Moss and Lichen on Your Florida Roof: Why It's an Emergency, Not a Cosmetic Issue
Lichen roots penetrate tile and shingle surfaces, causing permanent damage. In Florida's climate, what looks like a surface stain is actually biological destruction underway.
Many Florida homeowners assume that the gray, crusty, or black-streaked growth on their roof is purely cosmetic — an eyesore that can wait. Algae streaking is relatively cosmetic and slow to damage roofing materials. Lichen is a fundamentally different organism, and its presence on your roof represents active, ongoing structural damage that gets harder and more expensive to address the longer it's left.
Understanding What Lichen Actually Is
Lichen is a symbiotic organism — part algae, part fungi — that evolved specifically to colonize rock and mineral surfaces and extract nutrients from them by producing acids. When lichen colonizes asphalt shingles, concrete tile, clay tile, or slate, it is doing exactly what it evolved to do: slowly dissolving the mineral surface to extract nutrients. This process is visible as surface etching, pitting, and eventually granule loss on asphalt shingles and surface coating erosion on tile.
The root-like structures (hyphae) that lichen extends into roofing surfaces are what make it so damaging — and so difficult to remove completely.
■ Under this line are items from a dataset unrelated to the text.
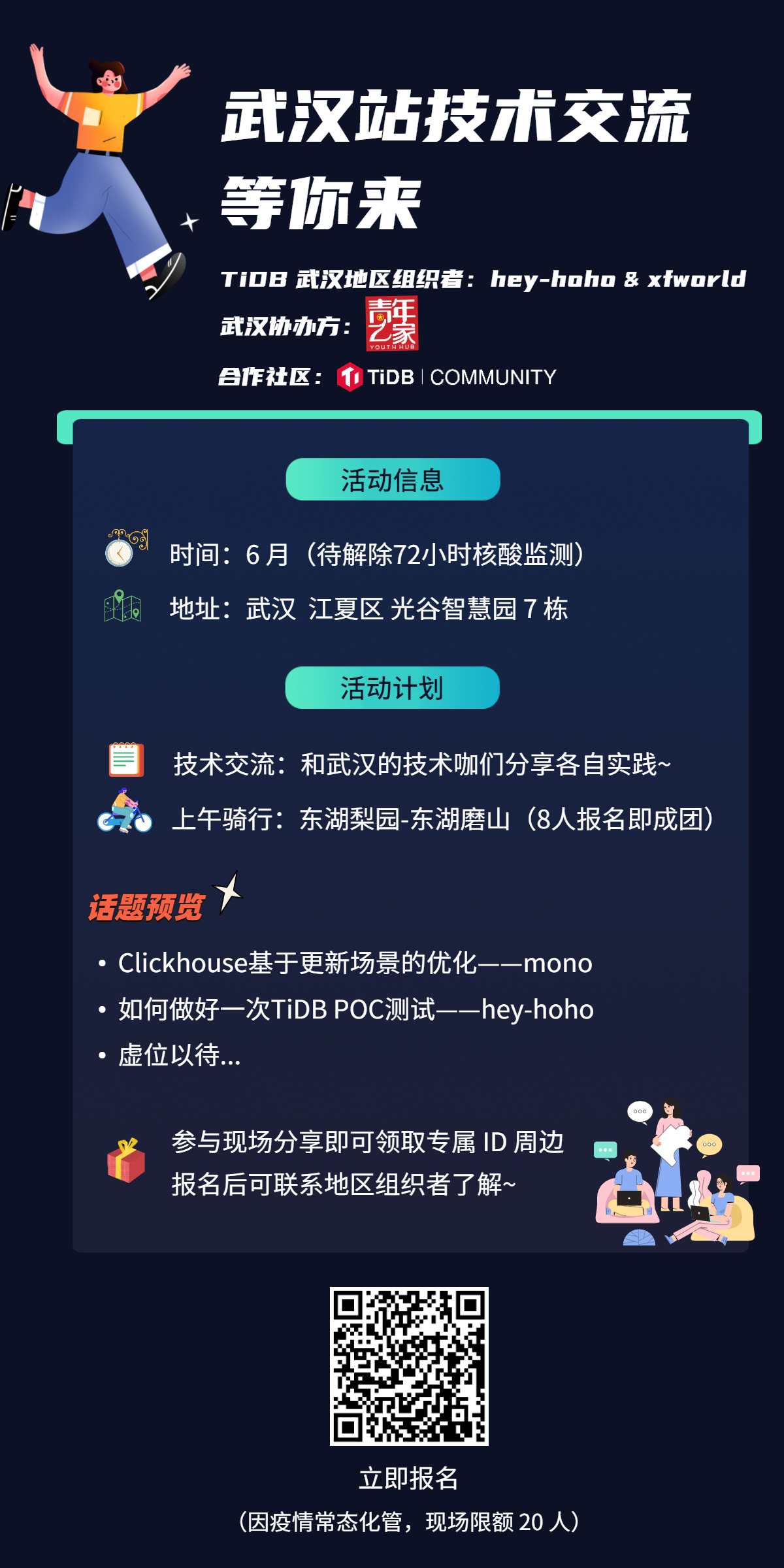 活动策划初期,大家就确立了地区活动的特色是建立地区技术人的交流&交友桥梁,目前已有 2 个分享嘉宾主动参与进来~
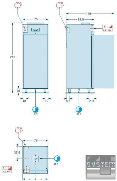 Габаритні, (ДхШхВ) див: 75x84x213
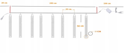 -długość kabla świecąca 2,4 m , długość kabla zasilającego/łączącego 1 m
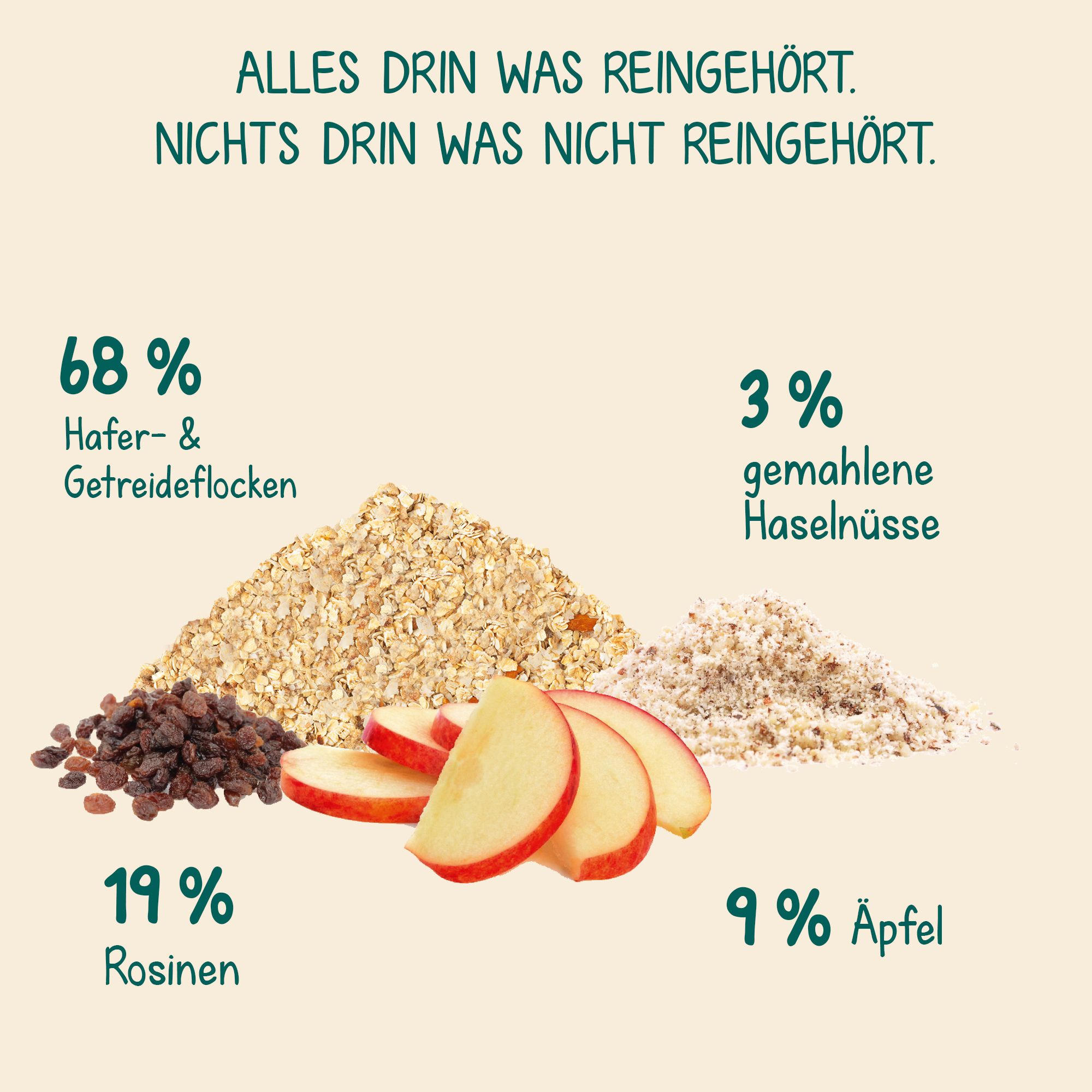 Овсяные хлопья (56%), изюм (19%), зерновые хлопья (из овсяной муки) (12%), сушеные кусочки яблока (5%), яблочный порошок (4%), молотый фундук (3%), карбонат кальция, витамин B1, витамин D
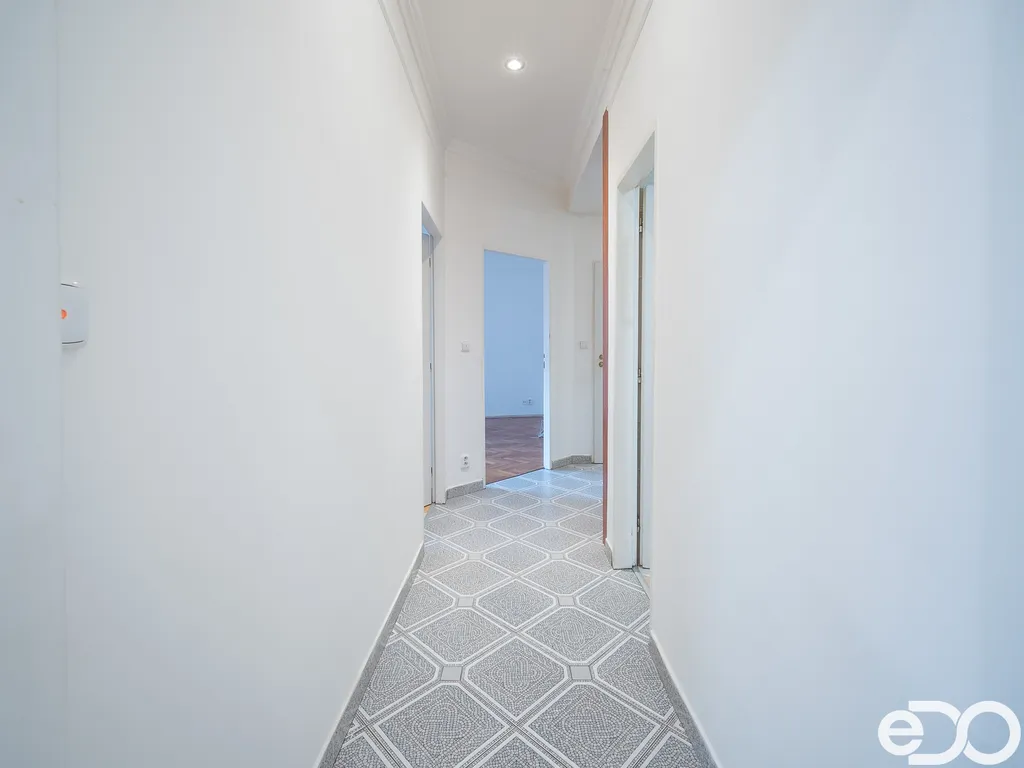 Součástí bytu je také sklepní kóje v suterénu domu, která poskytuje praktický prostor pro uložení sezónních věcí nebo sportovního vybavení.
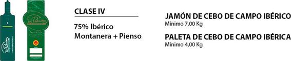Clase IV: Jamón de cebo de campo ibérico: procedentes de cerdos 75% ibéricos que cumplen los requisitos de alimentación indicados en la descripción del producto según el apartado cerdo de cebo de campo.
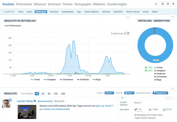 Das Dashboard der Lösung „Talkwalker“ liefert umfangreiche Analytics-Daten – in diesem Beispiel zum CommunityCamp 2017 mit Treffern pro Stunde und Verteilung nach Medientypen. (Screenshot: Talkwalker)
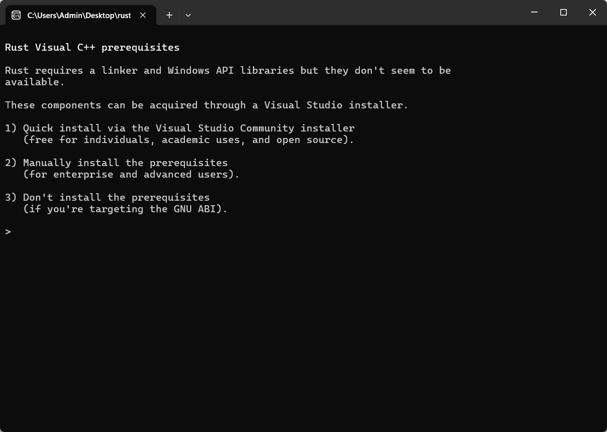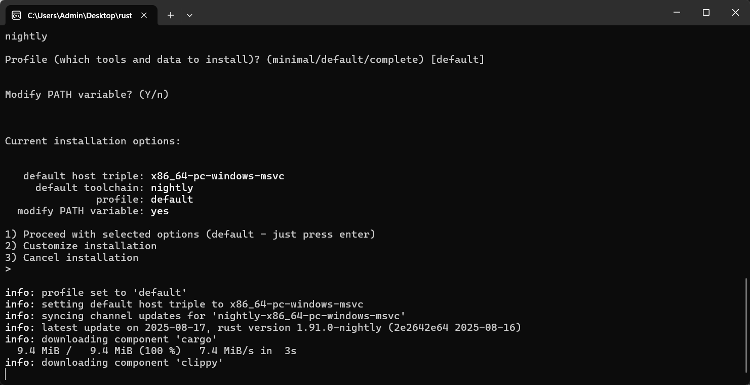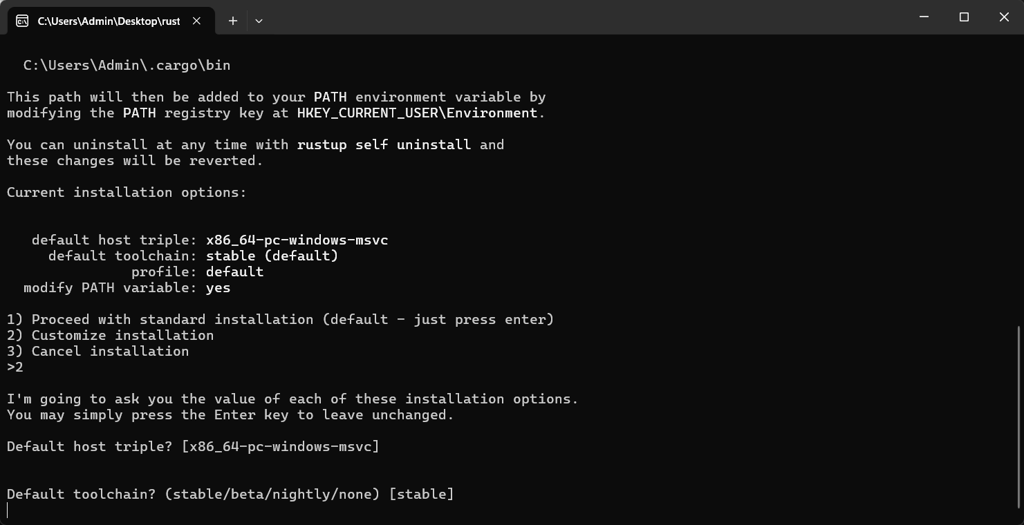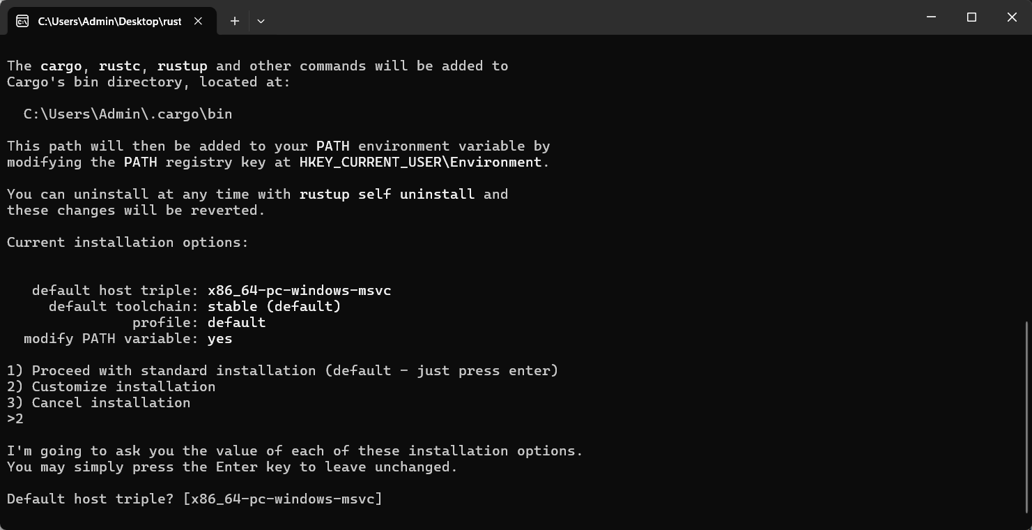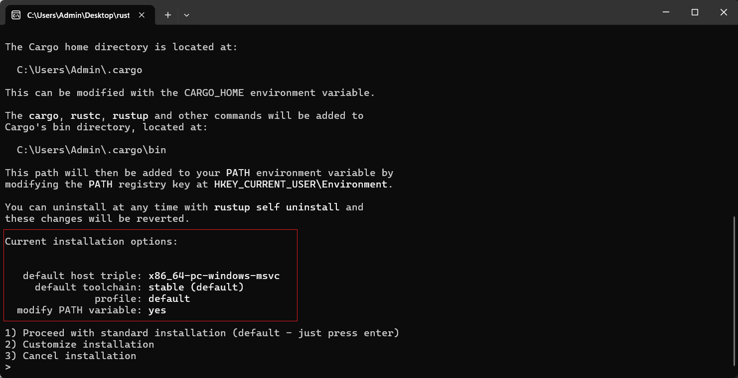 Rust Installer会继续引导我们完成接下来的步骤- 可以看到,已经识别到了

Killing the organism doesn't immediately remove the root penetration, and the damaged surface area remains even after treatment.
Treatment: Soft Washing for Lichen on Florida Roofs
Treating lichen requires a higher-concentration cleaning solution than algae treatment — the biology is more resistant. Professional soft washing uses a sodium hypochlorite-based formula at appropriate concentration to penetrate and kill lichen hyphae throughout the root system. After treatment, lichen releases from the surface over 3–6 months of rain and UV exposure — results are progressive rather than immediate. Severe lichen infestations may require a second treatment.
Insurance Implications in Florida
Florida's insurance market has significant consequences for heavily biological-growth-covered roofs. Roof condition inspections required for homeowners' insurance renewal or sale can result in policy non-renewal if a roof shows excessive biological growth — as it signals to insurers an aged or poorly maintained roof. Regular roof cleaning every 2–3 years is the most effective prevention strategy and insurance risk management tool.